Hans (68): Jongeren willen flexwerken en vrijheid, maar ook de zekerheid van vroeger

Hans is 68 jaar en heeft zijn leven lang hard gewerkt, eerst als timmerman en later als projectmanager in de bouw. Voor hem was werk niet alleen een manier om geld te verdienen, maar ook om stabiliteit op te bouwen. “Toen ik net begon met werken, hadden we minder keus,” zegt Hans.

“Je werkte vijf dagen in de week, meestal lange dagen, en je wist waar je aan toe was. Ik kreeg een vast contract, spaarde voor mijn pensioen en hoefde me geen zorgen te maken over mijn rekeningen aan het eind van de maand.”

Nu Hans van zijn pensioen geniet, ziet hij hoe anders de jongere generatie hun werkleven benadert. Zijn kinderen en kleinkinderen hebben vaak tijdelijke contracten en verlangen naar de zekerheid die hij altijd vanzelfsprekend vond.

“Ze willen allemaal flexibiliteit en vrijheid,” zegt hij met een hoofdschuddend gebaar. “Toch hopen ze wel op dezelfde zekerheden die wij hadden, en dat vind ik soms moeilijk te begrijpen.”

Ten tijde van Hans was het idee van flexwerken nauwelijks bekend. “Een baan bleef vaak jarenlang hetzelfde,” legt Hans uit.

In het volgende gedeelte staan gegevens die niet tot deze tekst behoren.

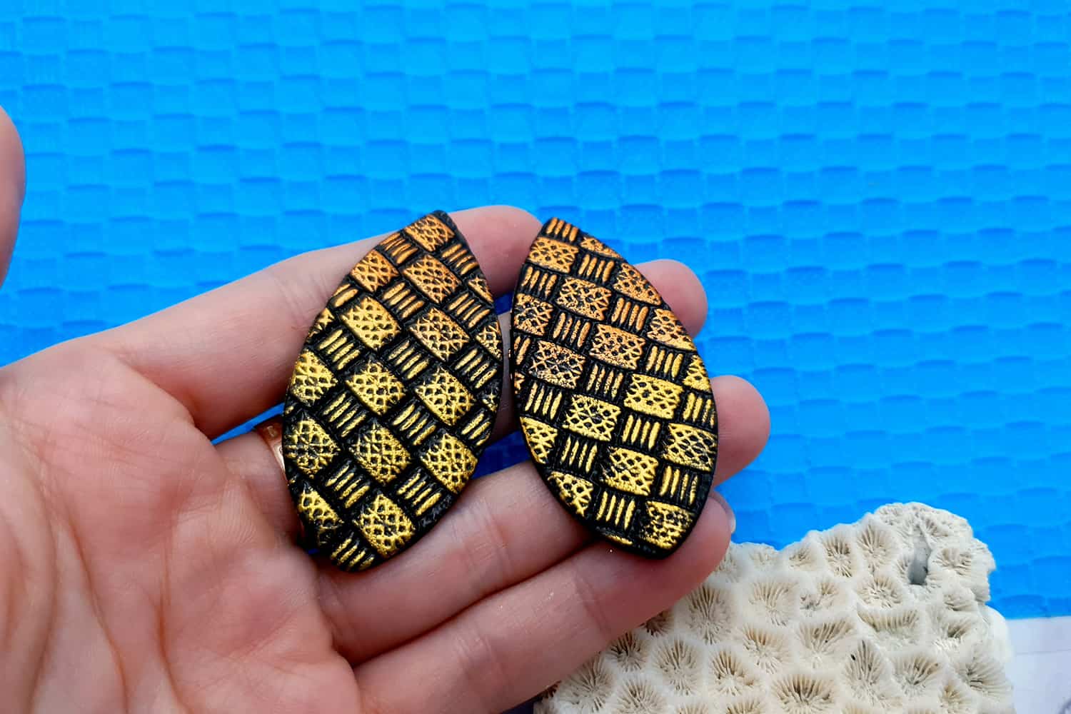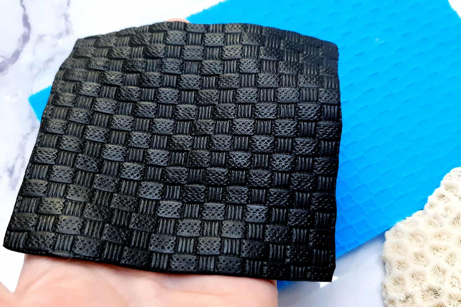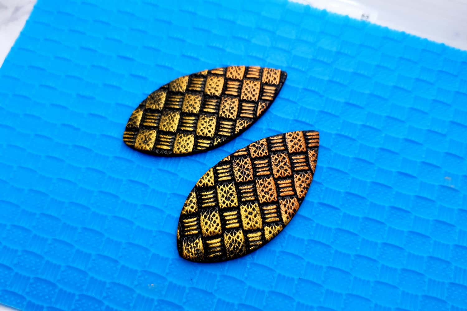 Я зробив цю текстуру з силікону, який є гнучким і не потребує роздільної речовини. Його можна випікати при температурі 150°C і використовувати з усіма марками полімерної глини (бажано рекомендується SOFT).

Hij ziet dat jongere mensen nu veel hechten aan vrijheid en autonomie in hun loopbaan. Hoewel hij daar begrip voor heeft, mist hij vaak verantwoordelijkheidsgevoel. “Je kunt niet alleen de leuke kanten willen en de minder leuke negeren.”

Veel jongeren veranderen snel van werk, zonder zich ergens vast te leggen. “Ze genieten van de vrijheid om hun tijd zelf in te delen, maar denken niet vooruit,” zegt Hans. “Met die constante veranderingen missen ze de stabiliteit. Als ze dan horen over ons opgebouwde pensioen en het bezit van een huis, lijkt het oneerlijk. Maar dat hebben we bereikt door hard werken en offers.”

Toekomstgericht Denken

Hans heeft door de jaren heen gespaard voor een comfortabele oude dag en zijn hypotheek afbetaald. “Flexwerken of parttime werken was toen geen optie. Ik had een vaste job, loste mijn hypotheek af en bouwde een spaarpot op.” Nu ziet hij dat jongeren minder geneigd zijn zich aan dat soort langetermijnverplichtingen te binden, maar wel dezelfde financiële rust willen.

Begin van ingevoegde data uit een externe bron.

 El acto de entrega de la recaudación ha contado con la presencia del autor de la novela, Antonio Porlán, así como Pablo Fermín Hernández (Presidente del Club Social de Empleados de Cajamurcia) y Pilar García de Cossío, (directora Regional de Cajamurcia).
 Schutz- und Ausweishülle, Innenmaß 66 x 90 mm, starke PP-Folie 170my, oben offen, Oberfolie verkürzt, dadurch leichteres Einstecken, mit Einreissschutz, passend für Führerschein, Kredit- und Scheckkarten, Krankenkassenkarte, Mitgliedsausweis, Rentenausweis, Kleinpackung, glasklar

Hans merkt dat dit ook doorwerkt in hoe jongeren geld beheren. “Ze geven het liever uit aan ervaringen en leuke dingen, wat oké is. Maar als het financieel even tegenzit, lijken ze te denken dat het vanzelf goedkomt of dat iemand anders de boel voor hen regelt.”

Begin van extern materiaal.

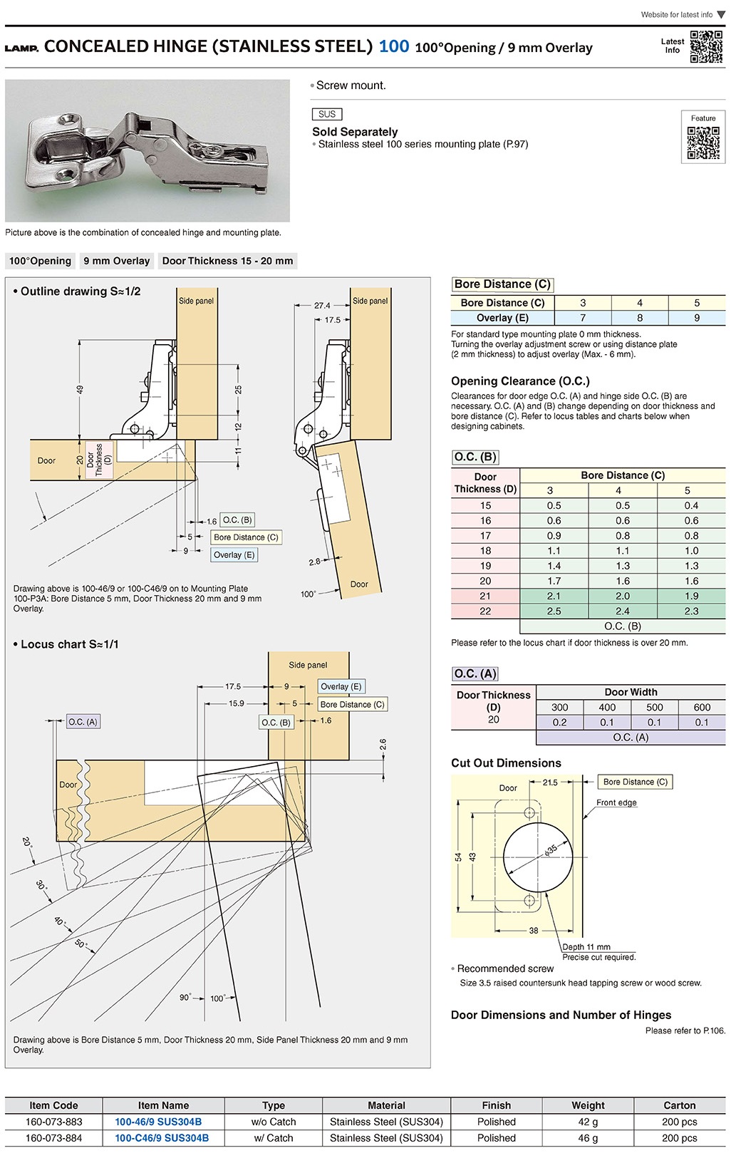 100-46/9 SUS304B Петля накладная без пружины из нержавеющей стали 100º/9 мм

Hans denkt dat dit de samenleving in een lastige situatie brengt. “We willen dat jongeren flexibel zijn en niet aan een baan vastgekluisterd zitten. Maar zodra er problemen zijn zoals bij pensioen of werkzekerheid, komt dat als een verrassing. Vrijheid heeft zijn prijs.”

Volgens Hans is het noodzakelijk dat jongeren deze consequenties begrijpen. “Mijn vrijheid was beperkt, maar dat betaalde ik voor zekerheid. Nu kiezen veel jongeren voor vrijheid, niet beseffende dat dat zekerheid uitsluit.”

Hij vindt dat er een nieuw evenwicht moet worden gevonden tussen werk en zekerheid. “Het moet helder worden dat flexibiliteit niet automatisch dezelfde voordelen biedt,” zegt Hans. Essentieel is dat mensen verantwoordelijkheid nemen voor hun keuzes en er niet van uitgaan dat werkgevers of de overheid alles maar regelen.

Hans praat soms met jongeren die gedesillusioneerd zijn over hun financiën, vooral wat betreft pensioen of het kopen van een huis. “Ik snap dat dat moeilijk is,” zegt hij, “maar vrijheid houdt in dat je zelf voor die dingen moet zorgen.”

Vroeger kreeg je een pensioen bij langdurige werkafstand bij een bedrijf. Nu lijken jongeren overal flexibiliteit na te streven. Dat is begrijpelijk, maar daarmee vervallen de zekerheden van vroeger. Hans hoopt dat jongere generaties het belang van planning gaan zien en bereid zijn offers te brengen, net zoals hij. “Zekerheid vereist inspanning,” voegt hij eraan toe, “en moet je stap voor stap opbouwen.”